| WHAT YOU NEED TO DO |
Pictures should not appear in the copy; the records themselves must be written out exactly.

| Extracted data entries |
++++++++++

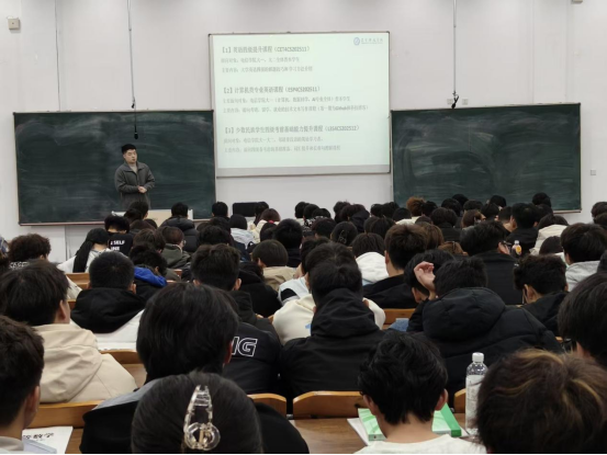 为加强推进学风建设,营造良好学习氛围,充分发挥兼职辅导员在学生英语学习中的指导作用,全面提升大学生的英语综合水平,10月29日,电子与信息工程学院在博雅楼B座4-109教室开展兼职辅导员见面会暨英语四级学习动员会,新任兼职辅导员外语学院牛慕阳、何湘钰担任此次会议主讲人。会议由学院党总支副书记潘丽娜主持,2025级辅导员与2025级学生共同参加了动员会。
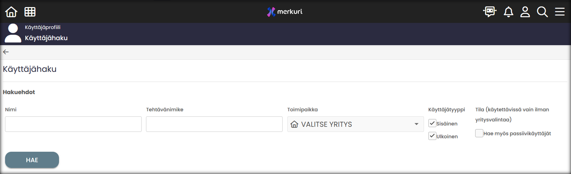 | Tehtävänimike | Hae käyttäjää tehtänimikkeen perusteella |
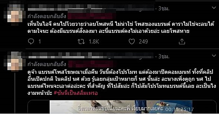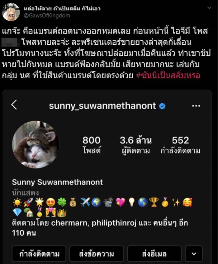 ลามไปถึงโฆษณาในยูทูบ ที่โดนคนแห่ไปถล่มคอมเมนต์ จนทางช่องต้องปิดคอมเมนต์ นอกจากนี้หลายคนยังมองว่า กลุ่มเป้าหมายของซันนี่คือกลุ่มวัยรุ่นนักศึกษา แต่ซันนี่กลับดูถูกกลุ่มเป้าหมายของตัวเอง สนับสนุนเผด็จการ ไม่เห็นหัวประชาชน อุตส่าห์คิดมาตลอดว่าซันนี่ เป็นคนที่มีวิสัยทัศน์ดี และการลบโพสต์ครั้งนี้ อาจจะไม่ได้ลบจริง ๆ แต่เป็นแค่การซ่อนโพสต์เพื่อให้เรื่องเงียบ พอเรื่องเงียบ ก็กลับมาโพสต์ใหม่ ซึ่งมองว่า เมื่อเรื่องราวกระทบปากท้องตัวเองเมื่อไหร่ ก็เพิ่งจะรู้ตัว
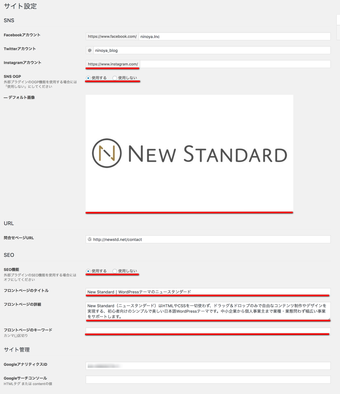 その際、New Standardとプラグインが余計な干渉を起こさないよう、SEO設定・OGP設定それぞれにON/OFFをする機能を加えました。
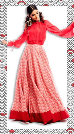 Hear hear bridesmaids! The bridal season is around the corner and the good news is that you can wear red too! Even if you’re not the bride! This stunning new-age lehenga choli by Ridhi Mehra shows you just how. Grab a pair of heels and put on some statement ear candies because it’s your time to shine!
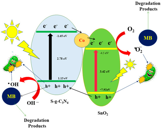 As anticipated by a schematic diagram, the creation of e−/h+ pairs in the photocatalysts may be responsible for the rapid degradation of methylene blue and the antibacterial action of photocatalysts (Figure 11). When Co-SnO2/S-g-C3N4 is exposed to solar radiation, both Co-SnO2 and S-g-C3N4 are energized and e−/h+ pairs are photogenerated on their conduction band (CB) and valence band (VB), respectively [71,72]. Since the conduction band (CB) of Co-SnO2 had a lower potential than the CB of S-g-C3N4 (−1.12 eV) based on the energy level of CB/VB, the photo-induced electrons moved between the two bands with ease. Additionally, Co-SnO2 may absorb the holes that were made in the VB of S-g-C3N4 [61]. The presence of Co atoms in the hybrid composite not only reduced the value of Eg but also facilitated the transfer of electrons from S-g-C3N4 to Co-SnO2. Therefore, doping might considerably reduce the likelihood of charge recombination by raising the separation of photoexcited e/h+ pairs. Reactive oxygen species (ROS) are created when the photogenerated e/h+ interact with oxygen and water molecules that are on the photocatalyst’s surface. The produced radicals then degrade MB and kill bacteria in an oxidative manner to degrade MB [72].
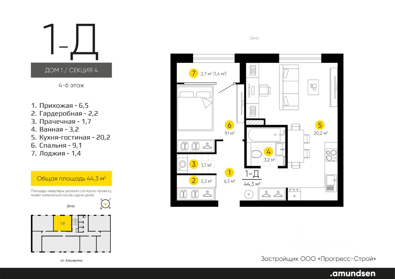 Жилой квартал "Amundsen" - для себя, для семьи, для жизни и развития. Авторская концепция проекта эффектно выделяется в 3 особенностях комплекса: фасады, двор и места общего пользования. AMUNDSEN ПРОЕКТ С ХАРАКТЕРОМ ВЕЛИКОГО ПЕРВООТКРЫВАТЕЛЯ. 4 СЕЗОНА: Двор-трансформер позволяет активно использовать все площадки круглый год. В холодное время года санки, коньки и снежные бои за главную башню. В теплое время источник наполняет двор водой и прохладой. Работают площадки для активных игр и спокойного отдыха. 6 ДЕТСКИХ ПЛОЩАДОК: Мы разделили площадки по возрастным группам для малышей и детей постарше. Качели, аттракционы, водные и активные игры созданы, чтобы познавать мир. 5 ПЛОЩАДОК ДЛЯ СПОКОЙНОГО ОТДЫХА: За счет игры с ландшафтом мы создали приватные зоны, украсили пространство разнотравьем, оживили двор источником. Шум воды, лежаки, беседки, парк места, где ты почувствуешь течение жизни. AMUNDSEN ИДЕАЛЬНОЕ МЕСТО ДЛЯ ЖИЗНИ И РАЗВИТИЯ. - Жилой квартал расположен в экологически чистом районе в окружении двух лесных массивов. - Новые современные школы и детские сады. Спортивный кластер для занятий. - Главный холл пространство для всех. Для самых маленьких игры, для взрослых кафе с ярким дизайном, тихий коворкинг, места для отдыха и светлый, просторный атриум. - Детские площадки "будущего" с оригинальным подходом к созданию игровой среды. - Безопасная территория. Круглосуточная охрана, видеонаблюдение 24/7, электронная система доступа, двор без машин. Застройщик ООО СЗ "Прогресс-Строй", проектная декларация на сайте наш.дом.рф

++++++++++

| OUTPUT FOR THIS EXERCISE |
 为加强推进学风建设,营造良好学习氛围,充分发挥兼职辅导员在学生英语学习中的指导作用,全面提升大学生的英语综合水平,10月29日,电子与信息工程学院在博雅楼B座4-109教室开展兼职辅导员见面会暨英语四级学习动员会,新任兼职辅导员外语学院牛慕阳、何湘钰担任此次会议主讲人。会议由学院党总支副书记潘丽娜主持,2025级辅导员与2025级学生共同参加了动员会。
 | Tehtävänimike | Hae käyttäjää tehtänimikkeen perusteella |
 ลามไปถึงโฆษณาในยูทูบ ที่โดนคนแห่ไปถล่มคอมเมนต์ จนทางช่องต้องปิดคอมเมนต์ นอกจากนี้หลายคนยังมองว่า กลุ่มเป้าหมายของซันนี่คือกลุ่มวัยรุ่นนักศึกษา แต่ซันนี่กลับดูถูกกลุ่มเป้าหมายของตัวเอง สนับสนุนเผด็จการ ไม่เห็นหัวประชาชน อุตส่าห์คิดมาตลอดว่าซันนี่ เป็นคนที่มีวิสัยทัศน์ดี และการลบโพสต์ครั้งนี้ อาจจะไม่ได้ลบจริง ๆ แต่เป็นแค่การซ่อนโพสต์เพื่อให้เรื่องเงียบ พอเรื่องเงียบ ก็กลับมาโพสต์ใหม่ ซึ่งมองว่า เมื่อเรื่องราวกระทบปากท้องตัวเองเมื่อไหร่ ก็เพิ่งจะรู้ตัว
 その際、New Standardとプラグインが余計な干渉を起こさないよう、SEO設定・OGP設定それぞれにON/OFFをする機能を加えました。
 Hear hear bridesmaids! The bridal season is around the corner and the good news is that you can wear red too! Even if you’re not the bride! This stunning new-age lehenga choli by Ridhi Mehra shows you just how. Grab a pair of heels and put on some statement ear candies because it’s your time to shine!
 As anticipated by a schematic diagram, the creation of e−/h+ pairs in the photocatalysts may be responsible for the rapid degradation of methylene blue and the antibacterial action of photocatalysts (Figure 11). When Co-SnO2/S-g-C3N4 is exposed to solar radiation, both Co-SnO2 and S-g-C3N4 are energized and e−/h+ pairs are photogenerated on their conduction band (CB) and valence band (VB), respectively [71,72]. Since the conduction band (CB) of Co-SnO2 had a lower potential than the CB of S-g-C3N4 (−1.12 eV) based on the energy level of CB/VB, the photo-induced electrons moved between the two bands with ease. Additionally, Co-SnO2 may absorb the holes that were made in the VB of S-g-C3N4 [61]. The presence of Co atoms in the hybrid composite not only reduced the value of Eg but also facilitated the transfer of electrons from S-g-C3N4 to Co-SnO2. Therefore, doping might considerably reduce the likelihood of charge recombination by raising the separation of photoexcited e/h+ pairs. Reactive oxygen species (ROS) are created when the photogenerated e/h+ interact with oxygen and water molecules that are on the photocatalyst’s surface. The produced radicals then degrade MB and kill bacteria in an oxidative manner to degrade MB [72].
 Жилой квартал "Amundsen" - для себя, для семьи, для жизни и развития. Авторская концепция проекта эффектно выделяется в 3 особенностях комплекса: фасады, двор и места общего пользования. AMUNDSEN ПРОЕКТ С ХАРАКТЕРОМ ВЕЛИКОГО ПЕРВООТКРЫВАТЕЛЯ. 4 СЕЗОНА: Двор-трансформер позволяет активно использовать все площадки круглый год. В холодное время года санки, коньки и снежные бои за главную башню. В теплое время источник наполняет двор водой и прохладой. Работают площадки для активных игр и спокойного отдыха. 6 ДЕТСКИХ ПЛОЩАДОК: Мы разделили площадки по возрастным группам для малышей и детей постарше. Качели, аттракционы, водные и активные игры созданы, чтобы познавать мир. 5 ПЛОЩАДОК ДЛЯ СПОКОЙНОГО ОТДЫХА: За счет игры с ландшафтом мы создали приватные зоны, украсили пространство разнотравьем, оживили двор источником. Шум воды, лежаки, беседки, парк места, где ты почувствуешь течение жизни. AMUNDSEN ИДЕАЛЬНОЕ МЕСТО ДЛЯ ЖИЗНИ И РАЗВИТИЯ. - Жилой квартал расположен в экологически чистом районе в окружении двух лесных массивов. - Новые современные школы и детские сады. Спортивный кластер для занятий. - Главный холл пространство для всех. Для самых маленьких игры, для взрослых кафе с ярким дизайном, тихий коворкинг, места для отдыха и светлый, просторный атриум. - Детские площадки "будущего" с оригинальным подходом к созданию игровой среды. - Безопасная территория. Круглосуточная охрана, видеонаблюдение 24/7, электронная система доступа, двор без машин. Застройщик ООО СЗ "Прогресс-Строй", проектная декларация на сайте наш.дом.рф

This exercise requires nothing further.